Military Working To Restore Memories of Traumatic Brain Injury Victims Through An Implant

While millions of Americans will suffer a traumatic brain injury (TBI) this year, those serving in the military are at a greater risk than most of becoming the victim of such an injury. With more and more information surfacing regarding the serious ramifications these injuries can have on a soldier or veteran’s health, focus is beginning to shift to finding new and better ways to treat TBIs.
One way the military is looking to repair memory loss caused by a TBI is through a brain implant. According to an article from Newsweek, the device is known as the Restoring Active Memory (RAM) program and is under development by the U.S. Defense Advanced Research Projects Agency (DARPA).

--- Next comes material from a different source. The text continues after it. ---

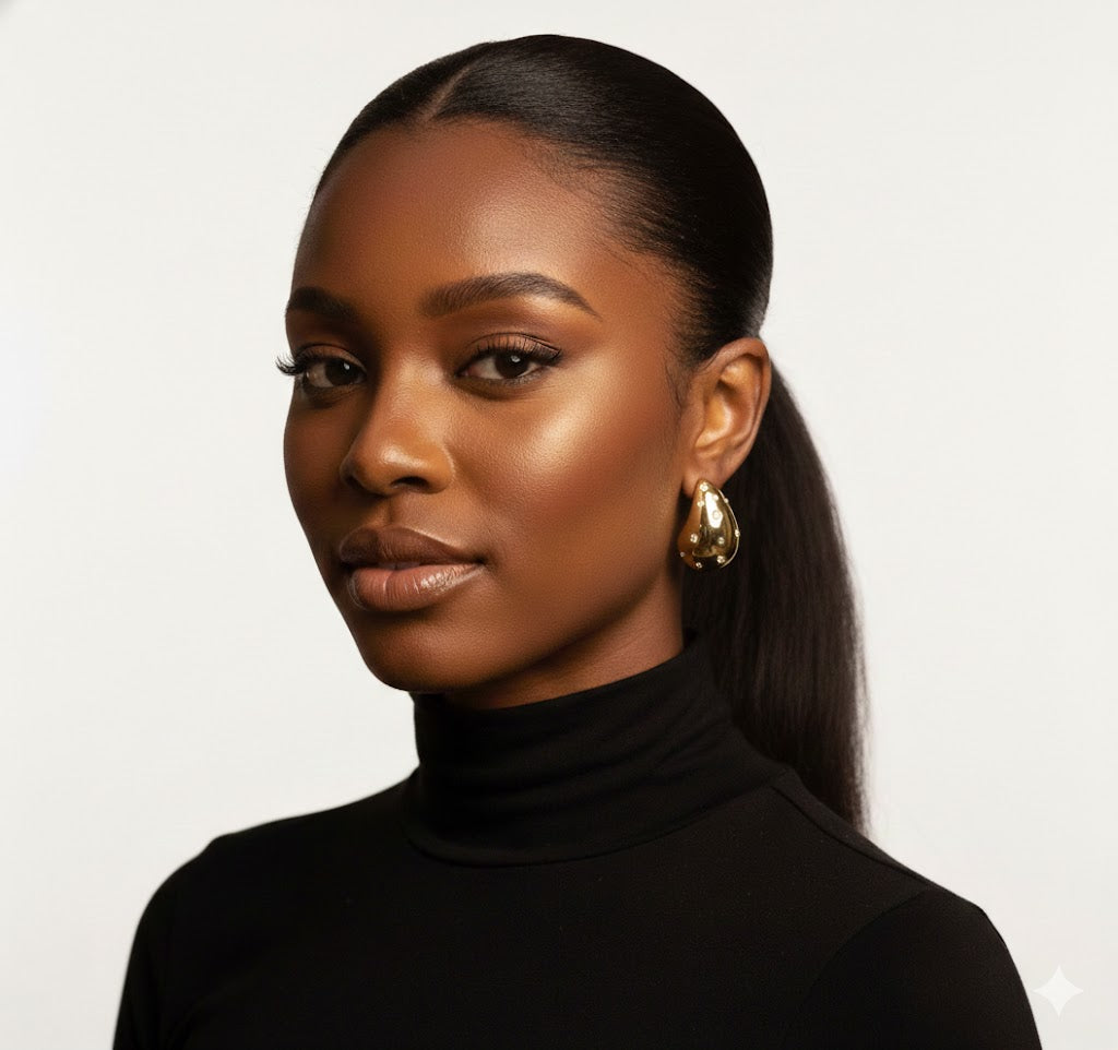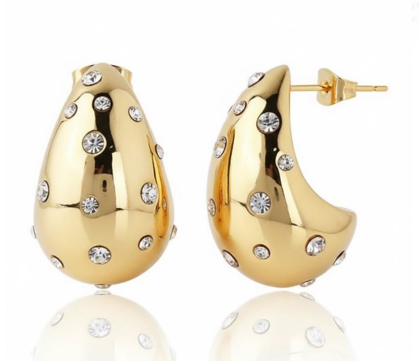 To preserve the brilliance of your earrings, store them in a soft pouch or jewelry box away from moisture and direct sunlight. Clean gently with a soft, lint-free cloth to maintain the sparkle of the rhinestones and protect the gold metal from tarnishing. Avoid exposure to perfumes, lotions, and harsh chemicals, which can dull both the metal and stone settings. Remove before swimming or showering to prevent water damage. With proper care, these elegant pieces will retain their lustrous beauty for years to come.

The aim of the device is to restore both motor memories—those created out of repetitive actions or behaviors—and the thoughts of things that have happened in the past, which are known as declarative memories.
Researchers say the device works by stimulating the prefrontal cortex of the brain. This can bridge damaged gaps between that section of the organ and the hippocampus where memories are created.
Ethical issues may hinder development of the device though, as it would also be capable of erasing or inserting memories into the mind of a soldier.
At Cofman Townsley Injury Lawyers, our team of St. Louis personal injury lawyers have seen the devastating results a TBI can have on its victim and we are anxious to see how this piece of technology is developed over time.